### [TASK PROMPT]
Apart from pictures, transcribe exactly each line from the one containing "Description: Учебное пособие" through the final line of the listing below.

### [AVAILABLE DATA]
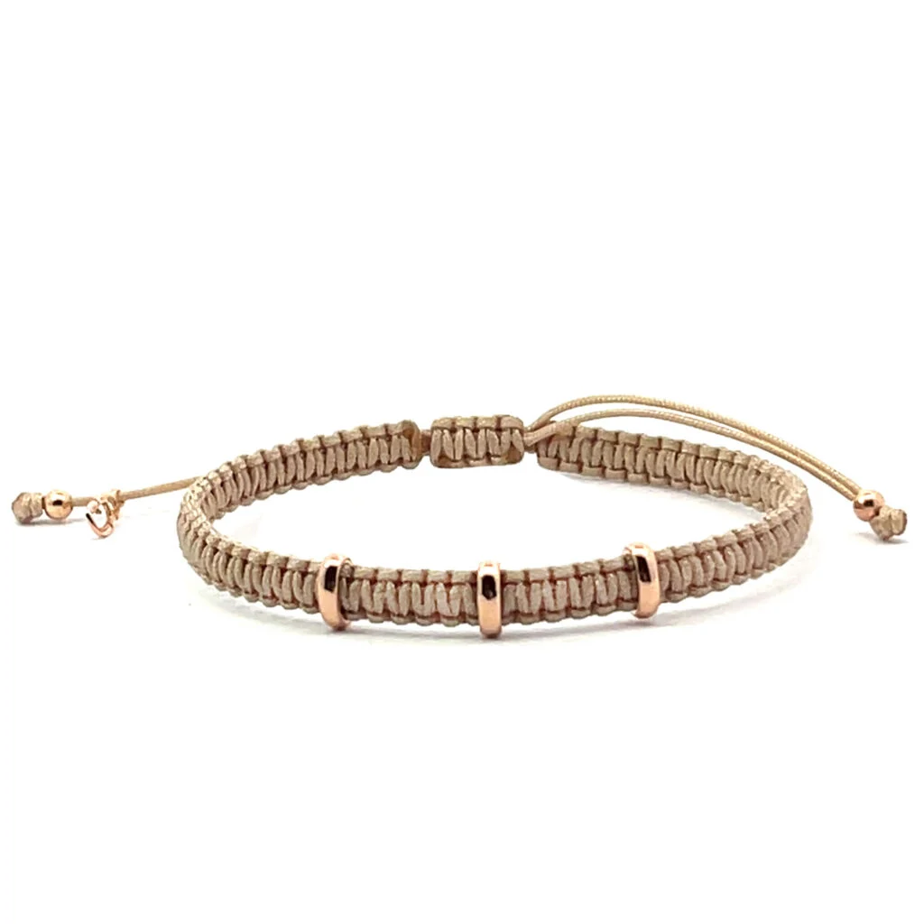 Sanft, stilvoll und von zeitloser Schönheit – dieses fein handgefertigte Makramee-Armband vereint dezente Eleganz mit luxuriöser Leichtigkeit. Das zart beige Band unterstreicht die natürliche Ausstrahlung, während die polierten Elemente aus 750 Roségold warm schimmern und einen Hauch von Exklusivität verleihen. Mit seiner Länge von 15,5 cm und dem verstellbaren Zugverschluss sitzt das Armband angenehm und sicher am Handgelenk. Ob solo getragen oder im modernen Layer-Look – es ist das perfekte Accessoire für jeden Anlass. Dieses Schmuckstück steht für Harmonie, Stil und Persönlichkeit – ein dezentes Statement für Menschen, die feine Handwerkskunst und zurückhaltenden Luxus zu schätzen wissen.
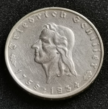 Německá 2 Reichsmarka 1934 F FRIEDRICH SCHILLER
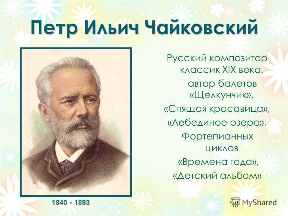 Петр Ильич Чайковский Русский композитор классик XIX века, автор балетов «Щелкунчик», «Спящая красавица», «Лебединое озеро», Фортепианных циклов «Времена года», «Детский альбом»
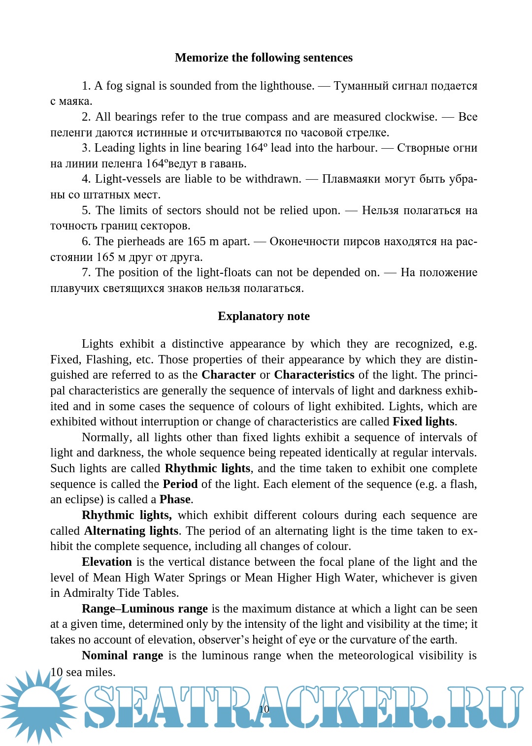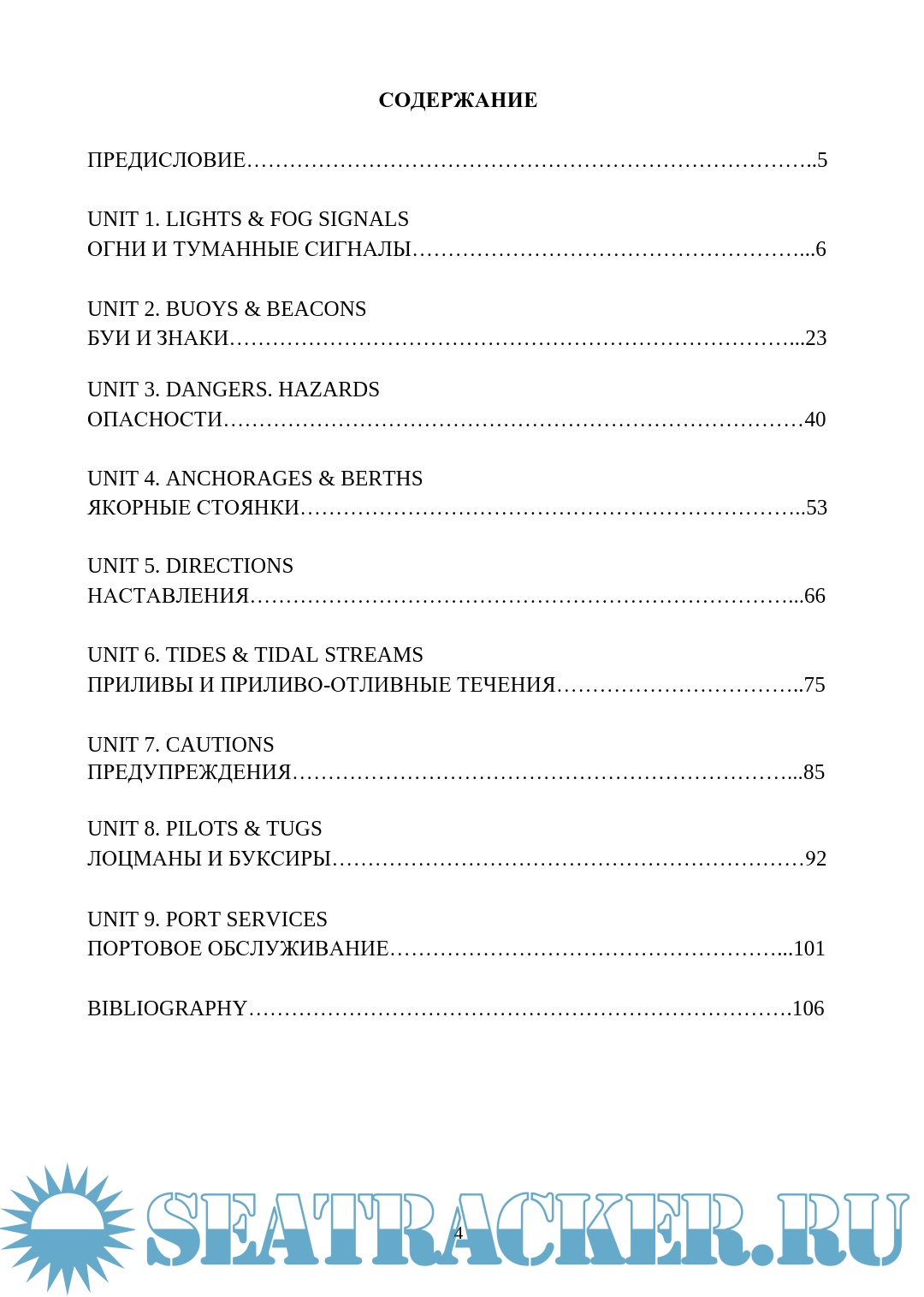 Description: Учебное пособие содержит профессиональную лексику и фразы, знание которых помогает читать и понимать навигационные публикации, в частности, лоции, а также упражнения и задания, направленные на развитие профессионально-коммуникативных навыков. Подготовлено с учетом требований Федерального государственного образовательного стандарта высшего образования. Учебное пособие предназначено для студентов, обучающихся по специальности 26.05.05 «Судовождение», изучающих дисциплину «Иностранный язык (английский)».
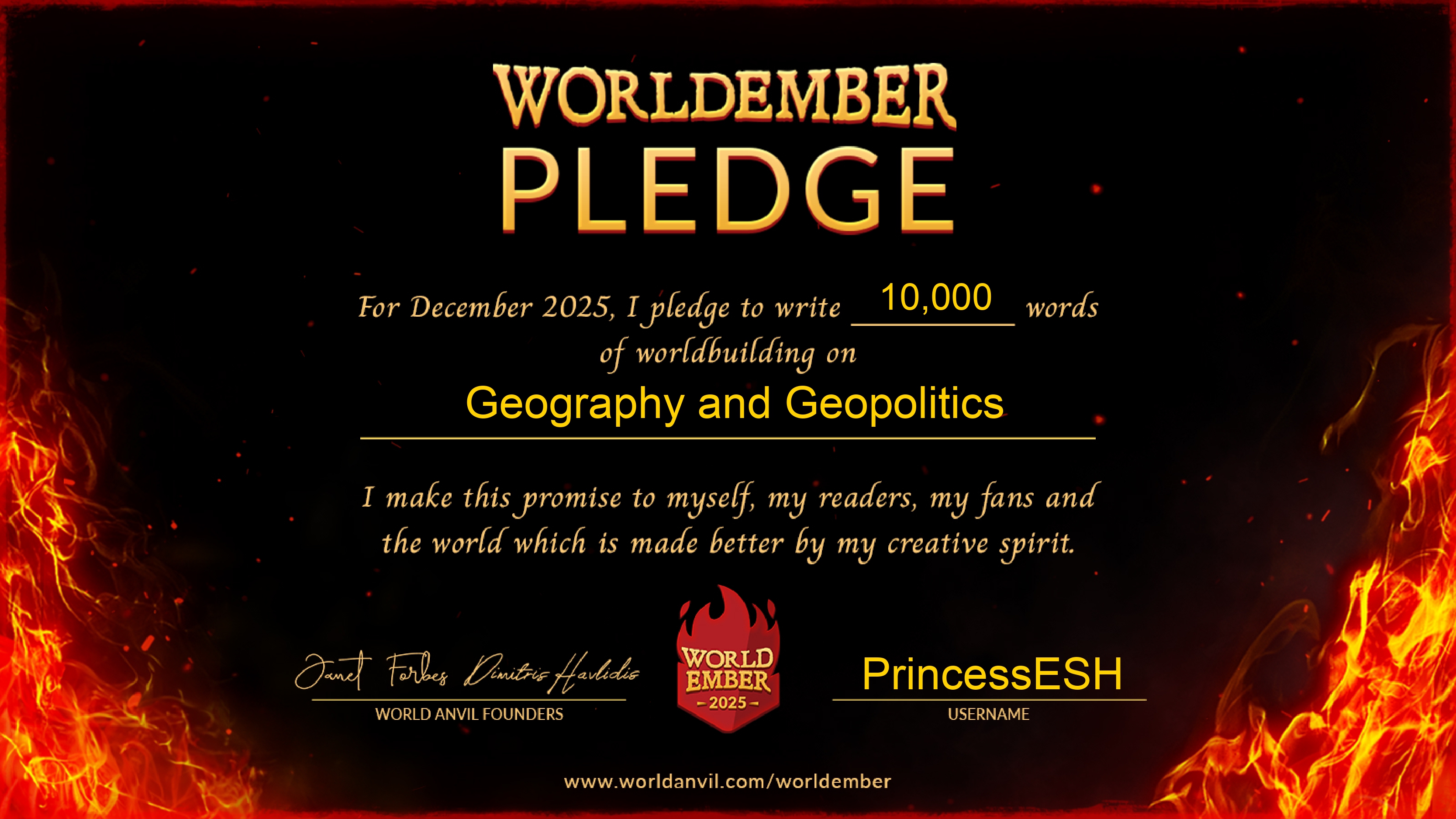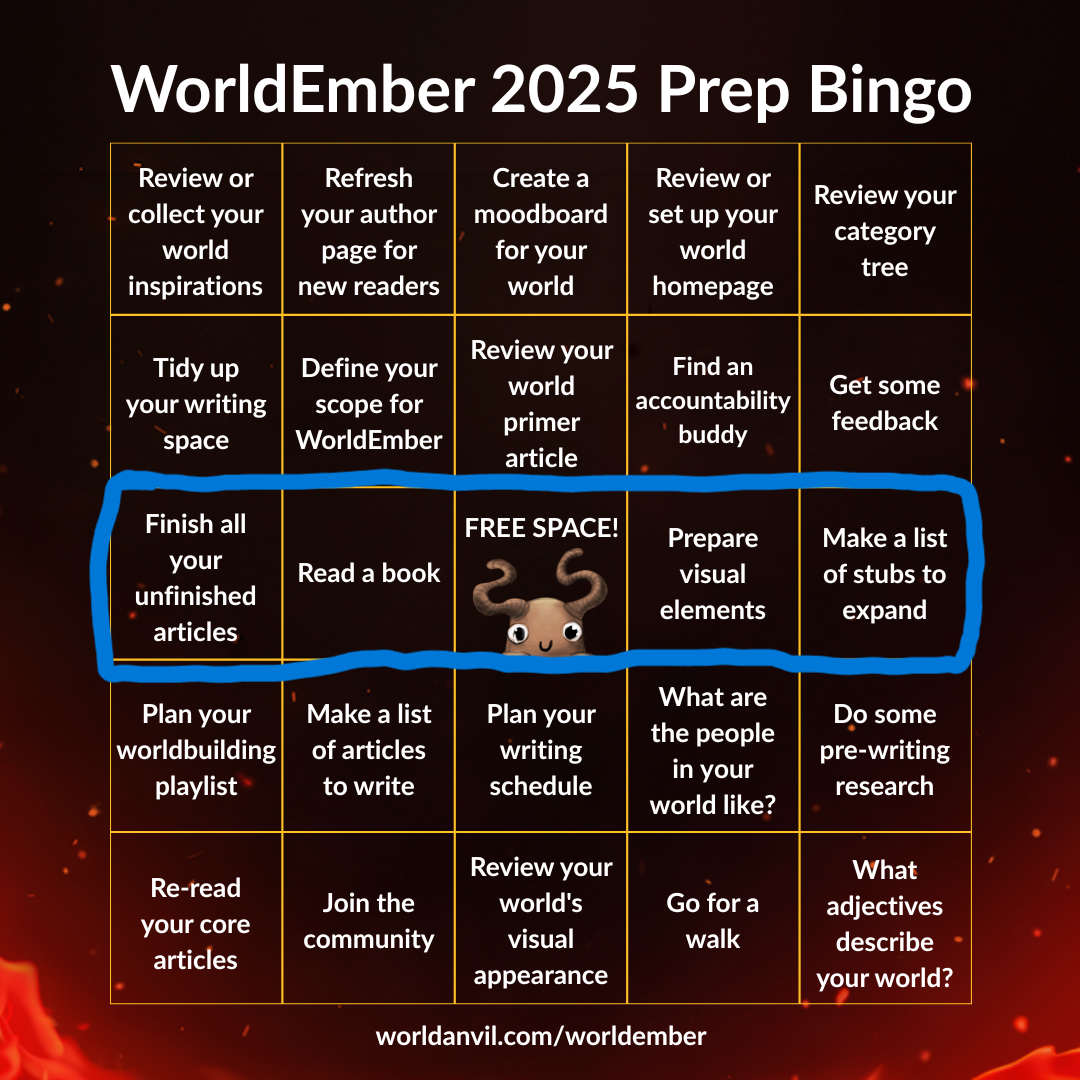 In an attempt to not completely burn myself out, I will be preparing for WorldEmber by selecting five homework prompts from the WorldEmber bingo:

### [ANSWER AREA]
 Description: Учебное пособие содержит профессиональную лексику и фразы, знание которых помогает читать и понимать навигационные публикации, в частности, лоции, а также упражнения и задания, направленные на развитие профессионально-коммуникативных навыков. Подготовлено с учетом требований Федерального государственного образовательного стандарта высшего образования. Учебное пособие предназначено для студентов, обучающихся по специальности 26.05.05 «Судовождение», изучающих дисциплину «Иностранный язык (английский)».
 In an attempt to not completely burn myself out, I will be preparing for WorldEmber by selecting five homework prompts from the WorldEmber bingo:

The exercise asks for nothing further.